Because this order did not require a positive declaration that the device was of no assistance in cases of bed-wetting caused by organic defects, it would not achieve the result sought to be attained by the Commission, namely, to stop the representation by the petitioners that the device is a cure or is helpful in “bed-wetting”, without qualification, which to the public carries the thought that it is helpful in all cases of bed-wetting.
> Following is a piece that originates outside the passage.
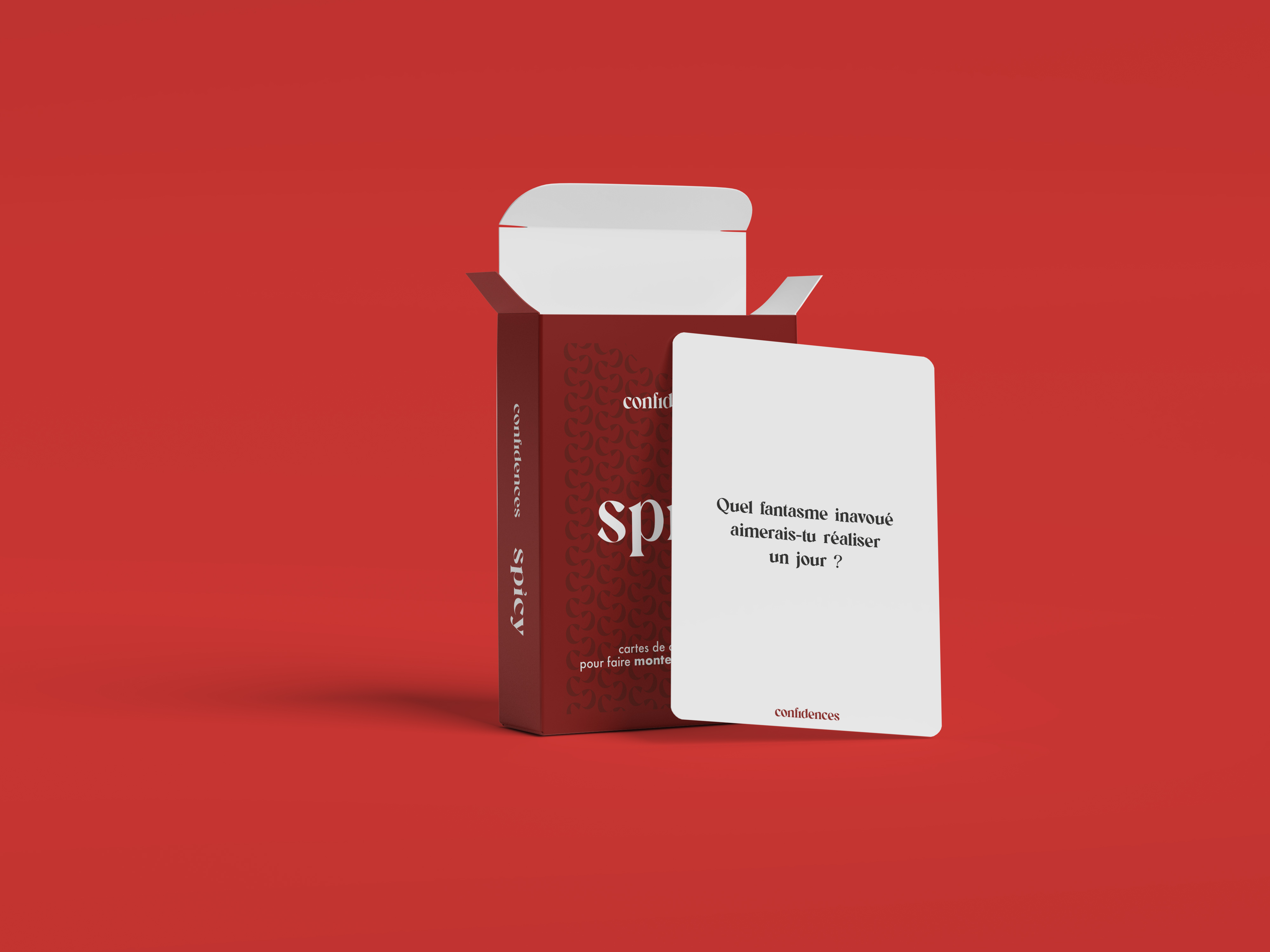 Prêts à faire monter la température ? Spicy est une invitation à flirter en s’amusant. Ce jeu de cartes épicé contient 90 questions tantôt taquines, tantôt audacieuses, parfaites pour provoquer des sous-entendus malicieux et dévoiler petit à petit vos désirs. Que ce soit pour briser la glace avec une nouvelle rencontre ou pour raviver la flamme d’une relation naissante, Spicy crée rapidement une atmosphère de complicité et de séduction. Les cartes encouragent les compliments osés, les confidences coquines et les regards brûlants, tout en laissant chacun fixer ses limites dans le respect et la bonne humeur. Car Spicy libère les non-dits, titille la curiosité, fait rosir les joues, accélère les battements de cœur… et pourrait bien allumer la flamme entre vous.

In seeking to achieve fair competition in commerce by preventing unfair methods of competition and unfair or deceptive practices, a negative statement that a device does not achieve results in certain cases may be as effective as the command “Thou shalt not” is in morals. But we are dealing here with more than a negative statement. What is proposed in the order of the Commission, as modified, is to compel the petitioners to state, clearly and unequivocally, that the device does not achieve results in cases caused by organic defects or disease. This is a strong cautionary warning to the unwary, which would
“forbid no activities except those which if continued would directly aid in perpetuating the same old unlawful practices.” 50
The final order of the Commission to cease and desist, dated October 2, 1959, under review, will be modified to read as follows:
“It Is Ordered that respondents Maurice J. Feil and Leo A. Loeb, individually and as copartners trading as The Enurtone Company, or trading under any other name or names, and their respective agents, representatives, employees and lessees, directly or through any corporate or other device in connection with the offering for sale, sale, leas*902ing or distribution of a device known as ‘Enurtone’, or any other device which functions in substantially the same manner in commerce, as ‘commerce’ is defined in the Federal Trade Commission Act, do forthwith cease and desist from representing, directly or indirectly: “That the use of said device is of value in stopping bed-wetting or correcting the bed-wetting habit, unless expressly limited in a clear and conspicuous manner to cases of bed-wetting not caused by organic defects or diseases.”
As so modified the Order is affirmed and ordered enforced.